Shuijingzhu - Ancient Chinese Geographical Book
The Shuijing (水经) "The river classic" was an ancient Chinese geographical book describing the course of rivers. It had been transmitted as a core component together with its commentary, the Shuijingzhu (水经注) "Commentary to the river classic". The classic had been written by Sang Qin (桑钦) during the Three Kingdoms period (220-280), the commentary by Li Daoyuan (郦道元) during the Northern Wei period (386-534). The original text contained 40 chapters (juan, "scrolls") of which 5 were lost. Later some chapters were divided in order to regain the original number.
Li Daoyuan acted on a lot of high posts in the local administration. In 527 he was assassinated by a the rebel Xiao Baoyin (萧宝夤).

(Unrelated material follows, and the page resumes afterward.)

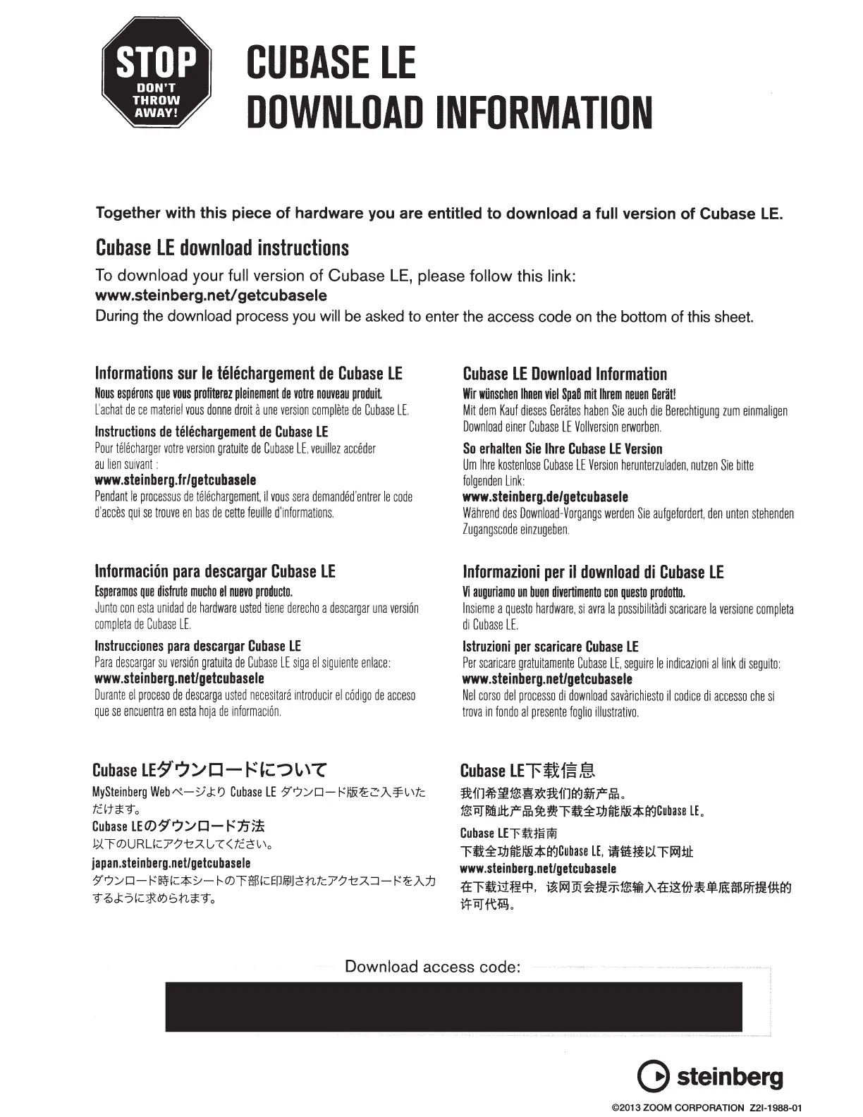 ©2013 ZOOM CORPORATION Z21-1988-01

For his commentary Li Daoyuan did not only have the necessary geographical experience from his profession when he was inspecting canals, dykes and river, but he also studied a lot of old and contemporary books on geography. The original Shuijing only dealt with 137 rivers, and Li Daoyuan added so much information about other rivers that the Shuijingzhu can not dealt with as a commentary but is in fact a book of its own. It is twenty times as large as the old Shuijing and discusses the geographical course and the cultural background of 1,252 rivers and creeks. The importance of the Shuijingzhu lies in its character as a vast treasury for all types of information on the local economy, society, and geography, not only during the Northern Dynasties period but through the ages. The rivers are described from their source, with the tributaries, river forks and so on down to their estuary mouth. All this is very important information for the reconstruction of the early Chinese hydrologic environment. Li Daoyuan, collecting written sources and writing from his own experience, is very cautious towards his sources. This makes his book even more valuable. One exception is that he was not able to deal with rivers of southern China with the same diligence as that of the north because China was divided at that time.
During the ages many errors have crept in, mainly in places where the old Shuijing was confused with Li Daoyuan’s part. The Qing period (1644-1911) scholars Quan Zuwang (全祖望), Zhao Yiqing (赵一清) and Dai Zhen (戴震) tried to amend those errors. In the late 19th century Yang Shoujing (杨守敬) collected those commentaries in his publication called Shuijingzhu shu (水经注疏).